Title: Data driven modeling of mechanical systems
Speaker: Assistant Professor, Emma Lejeune, Boston University
Abstract: Over the past decade, there has been a growing interest in leveraging machine learning techniques to model complex mechanical systems. Compellingly, these techniques have become invaluable tools for applications ranging from topology optimization, to uncertainty quantification, to real-time prediction, to multi-scale modeling and beyond. Typically, researchers take either a “problem-centric” or “model-centric” approach to this work. Namely, they focus on either an overarching engineering challenge, or they focus on developing machine learning methods and model architectures. In this talk, we will present a “data-centric” approach to data driven modeling of mechanical systems. Specifically, we will discuss work where we focus on defining and curating datasets as our top priority. First, we will share our work in developing and disseminating benchmark datasets for engineering mechanics problems. Then, we will share our work in defining an open science based methodological foundation for data driven modeling of (bio)mechanical systems. In brief, we envision a methodological framework with three essential components: (1) open access datasets, (2) open source software to extract interpretable quantities of interest from these data, and (3) combined mechanistic and statistical models of (bio)mechanical behavior informed by these data. As an illustrative example, we will discuss our recent collaborative work in cardiac tissue engineering.
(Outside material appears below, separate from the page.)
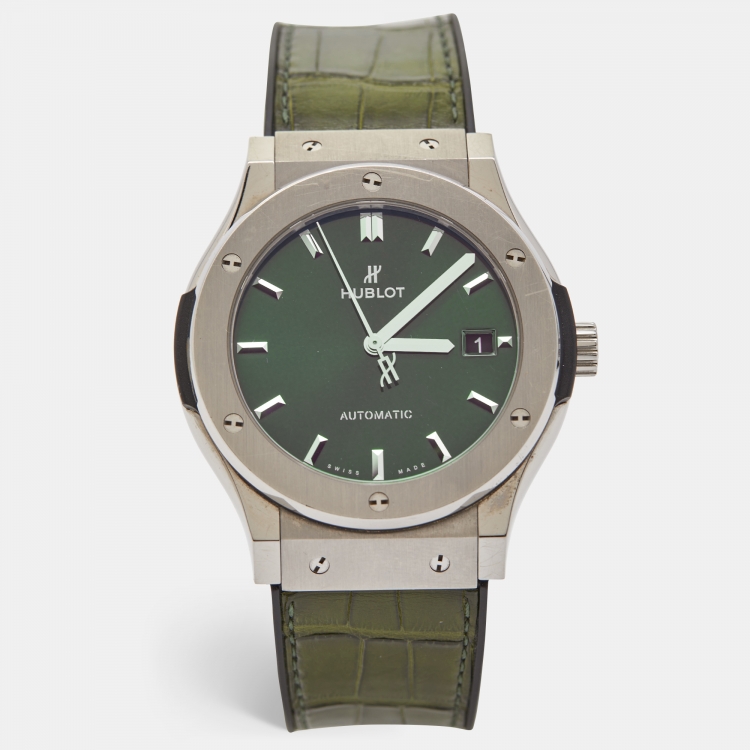 مملوكة مسبقًا Hublot Green Titanium Alligator Leather Rubber Classic Fusion 511.NX.8970.LR Men's Wristwatch 45 mm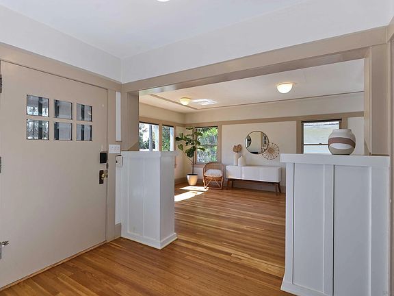 Single-story Craftsman-style bungalow exudes charm with its welcoming front porch. Distinctive period features such as hardwood floors, built-ins and wainscoting define spacious sun-filled living areas. Baths have been updated, and current floor plan could allow for possible reconfiguration with additional bedroom or office. Backyard includes garden area and pergola. Location affords lifestyle of convenience with restaurants, coffee shops and grocers within close proximity. Home is equipped with solar.

Overall, the goal of this talk is to spark discussion and inspire future work on “data-centric” approaches to mechanical modeling.
Biography: Emma Lejeune is an Assistant Professor in the Mechanical Engineering Department at Boston University. She received her PhD from Stanford University in September 2018, and was a Peter O’Donnell, Jr. postdoctoral research fellow at the Oden Institute at the University of Texas at Austin until 2020 when she joined the faculty at BU. Current areas of research involve integrating data-driven and physics based computational models, and characterizing and predicting the mechanical behavior of heterogeneous materials and biological systems.